To conclude this chapter in a manner designed to help you go to work now to break the worry habit, I list a ten-point worry-breaking formula.
1. Say to yourself, “Worry is just a very bad mental habit. And I can change any habit with God’s help.”
2. You became a worrier by practicing worry. You can become free of worry by practicing the opposite and stronger habit of faith. With all the strength and perseverance you can command, start practicing faith.
3. How do you practice faith? First thing every morning before you arise say out loud, “I believe,” three times.
4. Pray, using this formula, “I place this day, my life, my loved ones, my work in the Lord’s hands. There is no harm in the Lord’s hands, only good. Whatever happens, whatever results, if I am in the Lord’s hands it is the Lord’s will and it is good.”
5. Practice saying something positive concerning everything about which you have been talking negatively. Talk positively. For example, don’t say, “This is going to be a terrible day.” Instead, affirm, “This is going to be a glorious day.” Don’t say, “I’ll never be able to do that.” Instead, affirm, “With God’s help I will do that.”
6. Never participate in a worry conversation. Shoot an injection of faith into all your conversations. A group of people talking pessimistically can infect every person in the group with negativism. But by talking things up rather than down you can drive off that depressing atmosphere and make everyone feel hopeful and happy.
7. One reason you are a worrier is that your mind is literally saturated with apprehension thoughts, defeat thoughts, gloomy thoughts. To counteract, mark every passage in the Bible that speaks of faith, hope, happiness, glory, radiance. Commit each to memory. Say them over and over again until these creative thoughts saturate your subconscious mind. Then the subconscious will return to you what you have given it, namely, optimism, not worry.
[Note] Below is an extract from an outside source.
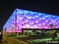 皆さんオリンピック前の「雰囲気」を楽しんでいるんですね。 昨夜、車で移動していたら、ライトアップされた会場が目に入り、息を呑みました。 「鳥の巣」(国家スタジアム)が赤く、その手前にある「水立方」(国家水泳センター)が青く光っていて、私も、いつまでも眺めていたい気分になりました。 ここで、喜び、涙、興奮、様々なドラマが誕生していくんですね! 大学時代に中国語を勉強していた松尾にとっては、この取材期間中、いかに皆さんとコミュニケーションを取れるか、というのが1つの挑戦です。 これまでのところは・・・片言ながら、どうにか・・・。 それにしても、皆さん、フレンドリーに話しかけくれます。 「どこから来たの?」 「日本からです。」 「おー日本か!日本語でニーハオはなんと言うんだ?」 「こんにちは、ですよ。」 「コンニチハ?コンニチハ!ようこそ、北京へ。楽しんでいってね!」 という具合に、皆さんとっても温かくて歓迎ムードです。 気になる空気も、昨日は真っ白でしたが、今日は青空が広がって晴れ。 実は東京とそれほど変わらない・・・? 食事も・・・現地のものを食べていますが、今のところ、おなかを壊していません! 滞在あと2日。 あ、ディレクターに呼ばれました。これから北京の市内に取材に出てきます。 またご報告します!

8. Cultivate friendships with hopeful people. Surround yourself with friends who think positive, faith-producing thoughts and who contribute to a creative atmosphere. This will keep you re-stimulated with faith attitudes.
9. See how many people you can help to cure their own worry habit. In helping another to overcome worry you get greater power over it within yourself.
10. Every day of your life conceive of yourself as living in partnership and companionship with Jesus Christ. If He actually walked by your side, would you be worried or afraid? Well, then, say to yourself, “He is with me.” Affirm aloud, “I am with you always.” Then change it to say, “He is with me now.” Repeat that affirmation three times every day.